**BRIEF**
A verbatim copy is needed of the lines below from the one containing "NOWY zestaw przewodów" up to and including the one containing "Destacó que por", excluding pictures.
----- DATA TO EXAMINE
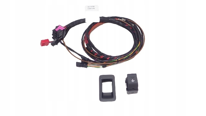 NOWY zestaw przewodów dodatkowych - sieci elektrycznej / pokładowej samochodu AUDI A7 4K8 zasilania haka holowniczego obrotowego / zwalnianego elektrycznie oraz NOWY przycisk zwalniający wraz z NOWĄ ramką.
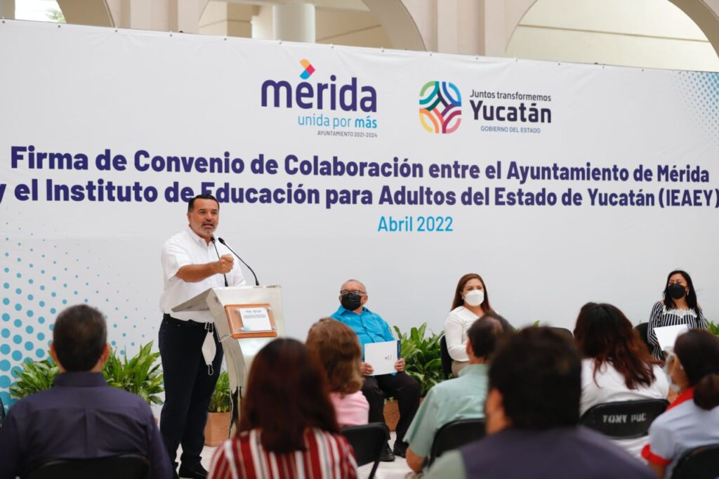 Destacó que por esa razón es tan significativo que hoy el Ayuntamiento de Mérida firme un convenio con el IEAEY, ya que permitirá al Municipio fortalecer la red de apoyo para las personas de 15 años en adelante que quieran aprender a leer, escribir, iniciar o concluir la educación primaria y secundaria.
----------
----- DATA TO EXAMINE
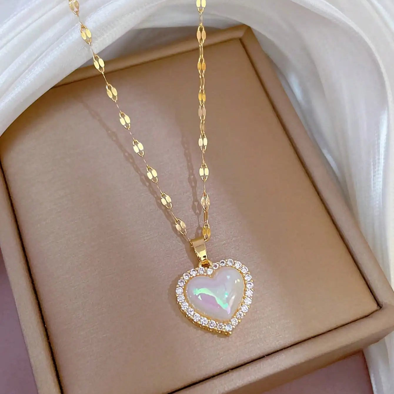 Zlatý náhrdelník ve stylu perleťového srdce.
----------
**RESPONSE**
 NOWY zestaw przewodów dodatkowych - sieci elektrycznej / pokładowej samochodu AUDI A7 4K8 zasilania haka holowniczego obrotowego / zwalnianego elektrycznie oraz NOWY przycisk zwalniający wraz z NOWĄ ramką.
 Destacó que por esa razón es tan significativo que hoy el Ayuntamiento de Mérida firme un convenio con el IEAEY, ya que permitirá al Municipio fortalecer la red de apoyo para las personas de 15 años en adelante que quieran aprender a leer, escribir, iniciar o concluir la educación primaria y secundaria.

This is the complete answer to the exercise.